As you can see, the wildcard adds significantly more complexity to the algorithm. This is especially true when you have 2 or 3 wildcards in a word at once. Thankfully, we are running this in C++, so we can easily go through millions of permutations in a reasonable time.

Website implementation

Now for something special. I wanted to port over the C++ version into JavaScript just so it can be accessible on any platform out there. So here you go. It'll be a bit slower but at least it'll run on anything, including your phone.

Make sure JavaScript is enabled in your browser. Additionally, the dictionary is loading in the background. By the time you hit this part of the blog post, the dictionary should have fully loaded. The apps will tell you if it hasn't been fully loaded just yet. Finally, note that Birdigo may update its dictionary at any time without me knowing. Check the build date of the game alongside the date of this blog post. I might update the word list occasionally.

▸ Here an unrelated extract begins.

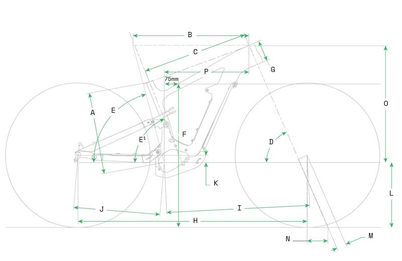Cambiando l’escursione delle sospensioni, cambiano anche le geometrie. Il reach è ridotto, così da offrire al ciclista una posizione più eretta e comoda, mentre l’angolazione del cannotto di sterzo è più chiusa per incrementare la reattività della sterzata. Cambia poi anche l’inclinazione del tubo reggisella, che risulta essere più verticale, così da massimizzare l’efficienza della pedalata e l’ampiezza del passo che si traduce in una manovrabilità differenziata rispetto alle altre bici. L'idea di base è massimizzare l'efficienza della pedalata così che la combinazione tra ciclista e motore renda possibile incrementare il range delle uscite.

App 1: Word Validity Checker

Let's say you don't want to cheat too badly. Instead, you just want to check if a word is valid or not. If so, this one is for you. Punch a word into the text box and hit the "Check!" button. It will tell you whether the word was valid or not. This does not account for wildcards.

App 2: Hand Solver

Now for the big one. Let's say you are looking at your hand and have no idea what words or combinations you have at your disposal. Well, if you give this tool your hand, it'll tell you every single possible word you can spell with it. You can even punch in wildcards. It will show the possible spots a wildcard can be applied correctly. If you want to target words of a specific size, set the Word Size parameter. Otherwise leave it blank or set it to 0 to display words of any length.

Source Code

Well, this is a really simple program but I decided to make a Git repository for it anyway. So here you go:

• birdigo-cheat Git Repo

It is only the C++ version. If you want the JavaScript implementation, simply look at the source of this webpage. The C++ version is CLI only. Clone the repo. Type make. And run either test or cheat. The former tests if a word is in the game's dictionary. The latter solves your hand by telling you all possible combinations.

Conclusion

One of my more technical blog posts. Unlike "Breaking Bongo Cat with Game Maker 8", where I explained a bit more of what's going on, I decided this time to just throw C++ code in the blog post and call it a day. I feel bad for that. Maybe I'll revisit this blog post and add in a better explanation in English on what is going on in the recursion step. In fact, if you look at the source code of this web page, you'll see comments of my attempt to do so.

At the very least, I like being able to use data structures and algorithms to solve problems. And now I'll consider Birdigo "solved". I guess I should add the disclaimer in here that it isn't really my intention to cheat, contrary to the dramatic opening of this blog post saying I want to win. I just wanted to write up a tool for the game. To me, that's fun. And my close friend has fun just playing the game. I encourage you to have fun in whatever way you feel is correct.